• _What to work on_: Exclude all pictures, then write out exactly the lines below from the first one through the line with "with pave' cross.".

Source records
# # # #
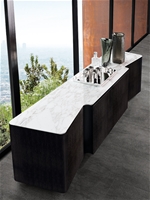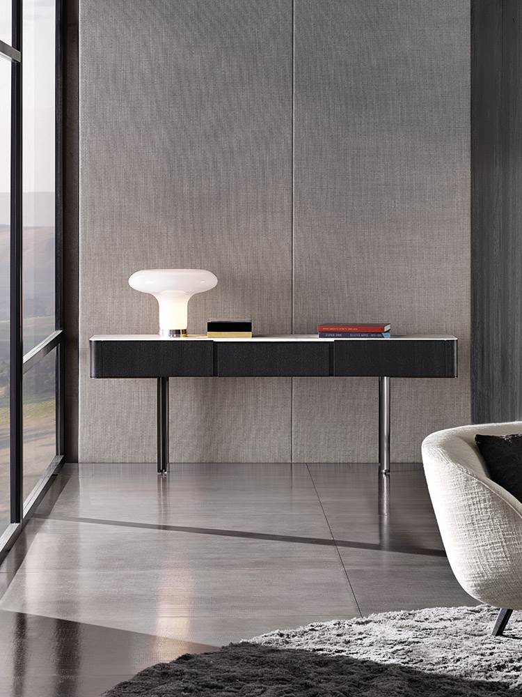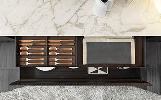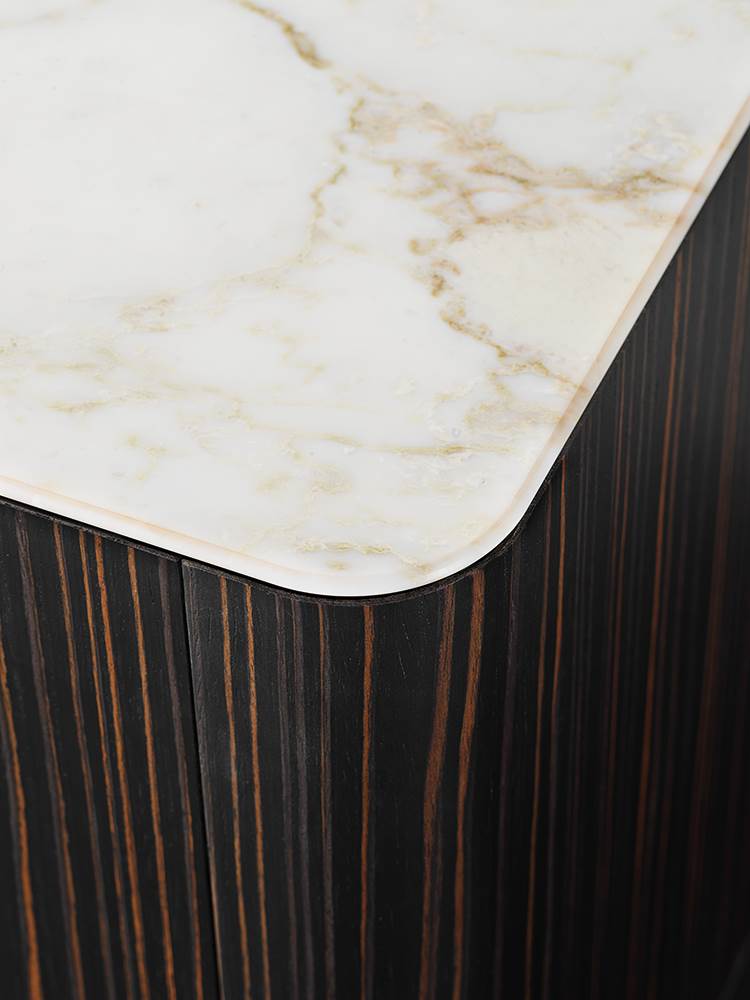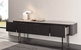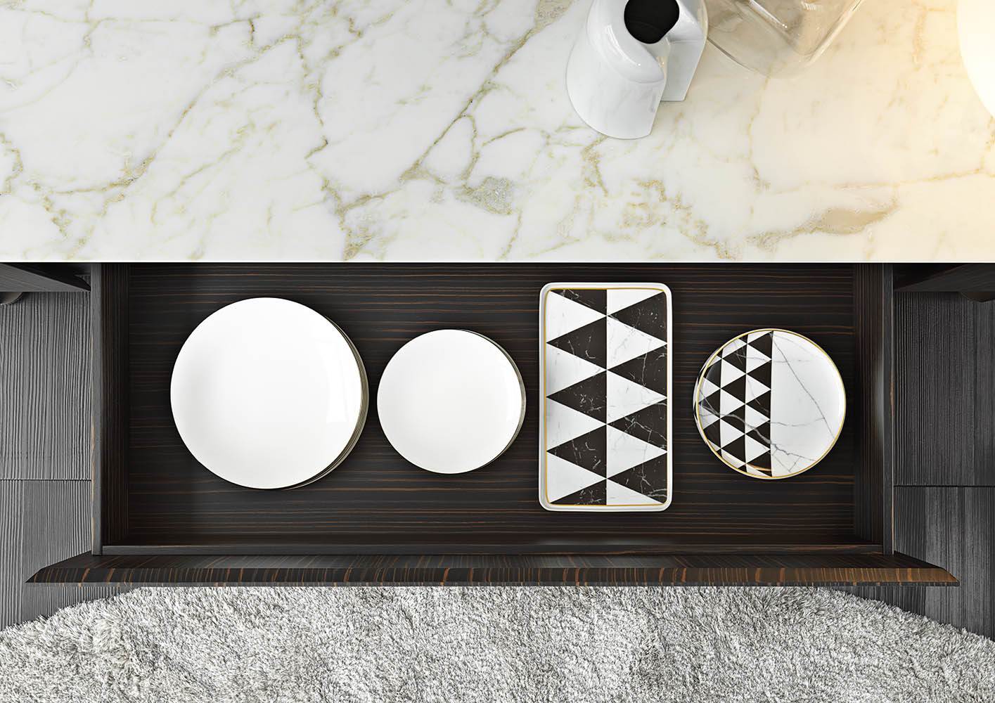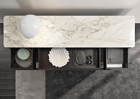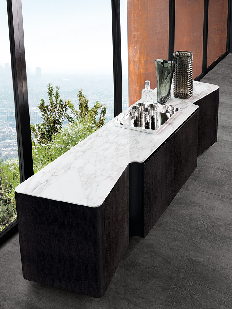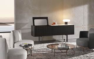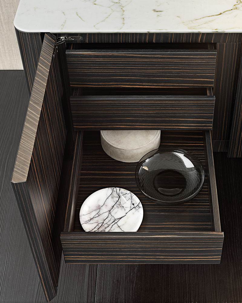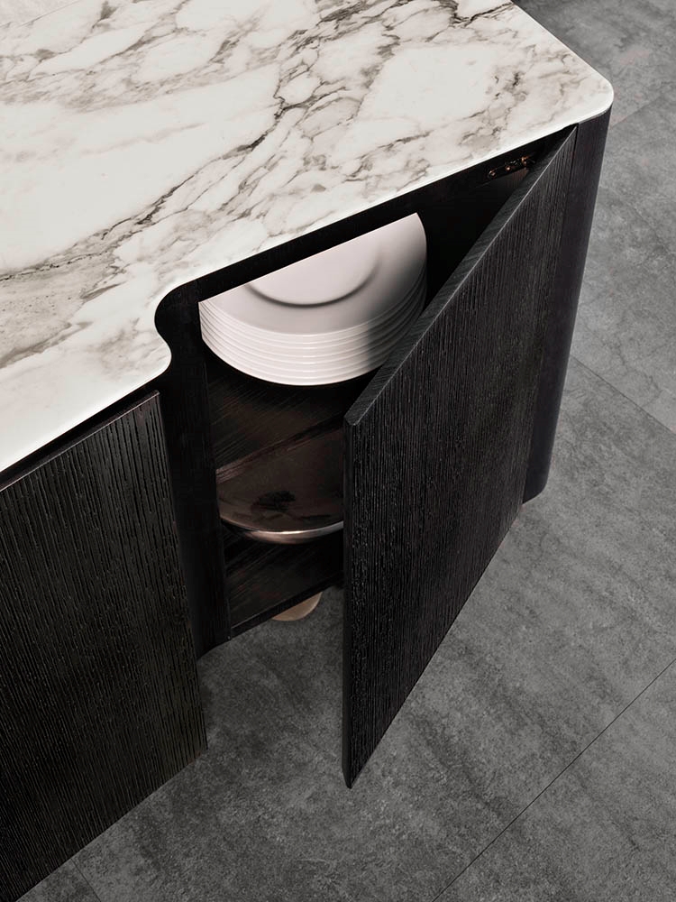 这一系列的产品展现出高端橱柜工艺和技术,其共同之处在于选用的珍贵材质,从结构中使用的拉丝白蜡木、亚光乌木,到Calacatta大理石,从嵌装隔板选用的与结构色调一致的木材,到基座亮光漆面金属,无不精益求精。在保持精致考究细节的同时,此番推出的产品可谓是原有项目的轻量版。
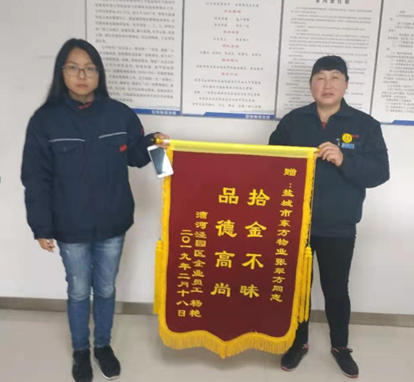 拾金不昧、默默無聞,這些詞語,詮釋的不僅是人們的美好品德,更是贊美那些在平凡的崗位上用實際行動踐行美好品德的人們,鹽城經開區(qū)“2020年第一季度開發(fā)區(qū)好人”——東方物業(yè)保潔阿姨張翠芳、劉榮紅就是這樣的踐行者。
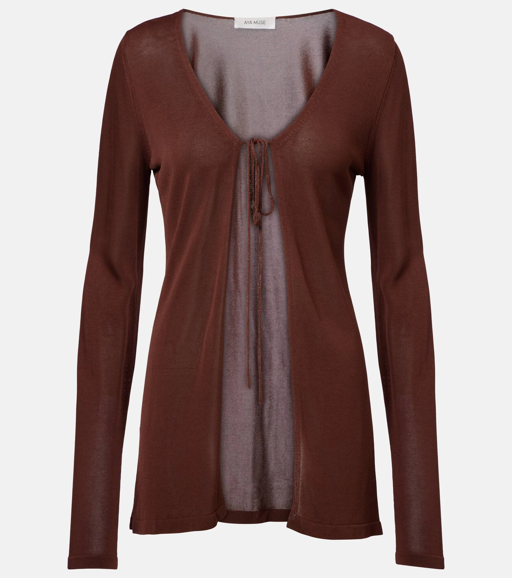 Designed in Los Angeles, Aya Muse provides elevated essentials such as this top. The long-sleeve style is made of lightweight knit fabric to a skin-reveling silhouette and secures across the chest with self-ties. Product Details - Material: 100% viscose - Care instructions: dry clean - Made in China - Designer color name: Dark Brown - Item color: brown - Closure: self-ties - Item number: P01041689 Size & Fit - True to size - Cinched waist - Non-stretchy fabric - Falls below the hip - The model seen in the picture is 178cm-5'10" and wearing a size XS
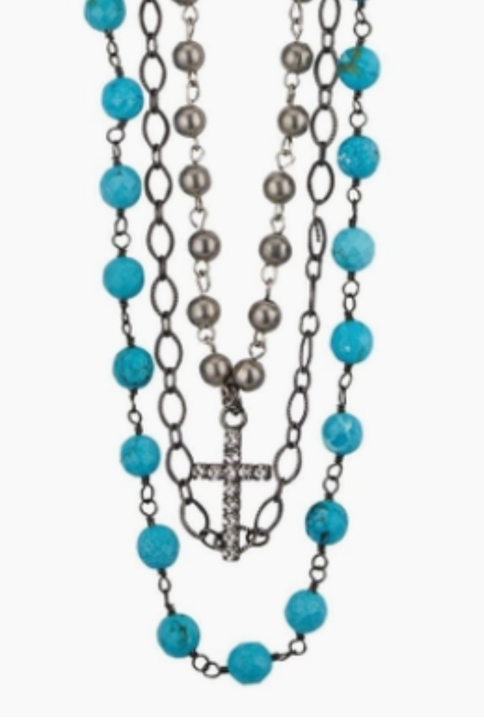 Triple strand "bundle of necklaces" in turquoise with pave' cross.
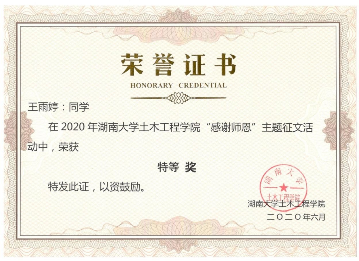 工程应用力学研究中心党支部为深入调查和了解学生学习情况,从学生的角度审视教师的教学效果,于5月19日举办了“感谢师恩”主题征文活动,在20天时间里,共收到54份学生来稿。由工程应用力学研究中心支部委员会、学生工作办公室组成的评审委员会对54份作品进行了评选,评选出了特等奖一名、一等奖三名、二等奖五名和三等奖十名。
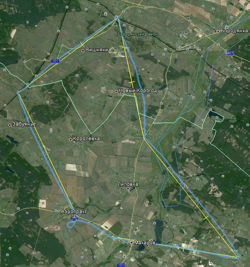 Каждом участнику была предоставлена карта 2-х километровка и логер (маленький GPS без экрана записывающий трек с шагом в 1 сек). Оценка результатов производилась накладывая записанный трек на заранее размеченный маршрут с воротами (в виде поперечных линий длиной 600 м) в Google Earth. Скрытые ворота обозначены тем же цветом, что и линии маршрута, а скрытые временные ворота фиолетовым. Ворота располагались мною таким образом, что бы на карте были объекты для привязки на местности, при этом местность проверялась в Google Earth. То есть, ворота не размещались там где на карте были "белые пятна".
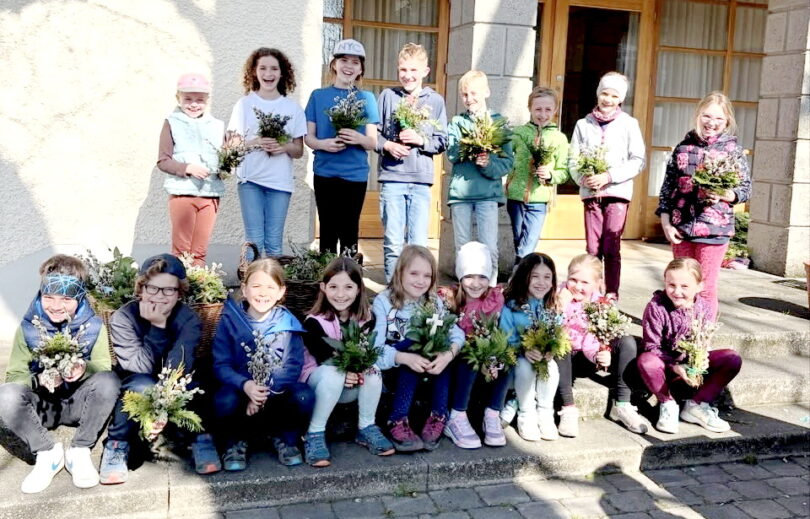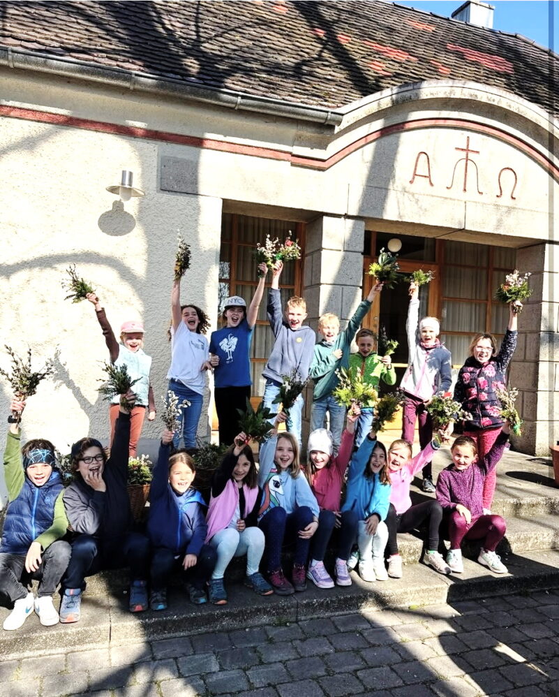 Rückblick in Eggstätt: Palmbüschelbinden mit den Kommunionkindern – Bei traumhaftem Wetter waren die Kommunionkinder und alle Helferinnen mit Feuereifer bei der Sache.
# # # #
• _Answer to this problem_:
 这一系列的产品展现出高端橱柜工艺和技术,其共同之处在于选用的珍贵材质,从结构中使用的拉丝白蜡木、亚光乌木,到Calacatta大理石,从嵌装隔板选用的与结构色调一致的木材,到基座亮光漆面金属,无不精益求精。在保持精致考究细节的同时,此番推出的产品可谓是原有项目的轻量版。
 拾金不昧、默默無聞,這些詞語,詮釋的不僅是人們的美好品德,更是贊美那些在平凡的崗位上用實際行動踐行美好品德的人們,鹽城經開區(qū)“2020年第一季度開發(fā)區(qū)好人”——東方物業(yè)保潔阿姨張翠芳、劉榮紅就是這樣的踐行者。
 Designed in Los Angeles, Aya Muse provides elevated essentials such as this top. The long-sleeve style is made of lightweight knit fabric to a skin-reveling silhouette and secures across the chest with self-ties. Product Details - Material: 100% viscose - Care instructions: dry clean - Made in China - Designer color name: Dark Brown - Item color: brown - Closure: self-ties - Item number: P01041689 Size & Fit - True to size - Cinched waist - Non-stretchy fabric - Falls below the hip - The model seen in the picture is 178cm-5'10" and wearing a size XS
 Triple strand "bundle of necklaces" in turquoise with pave' cross.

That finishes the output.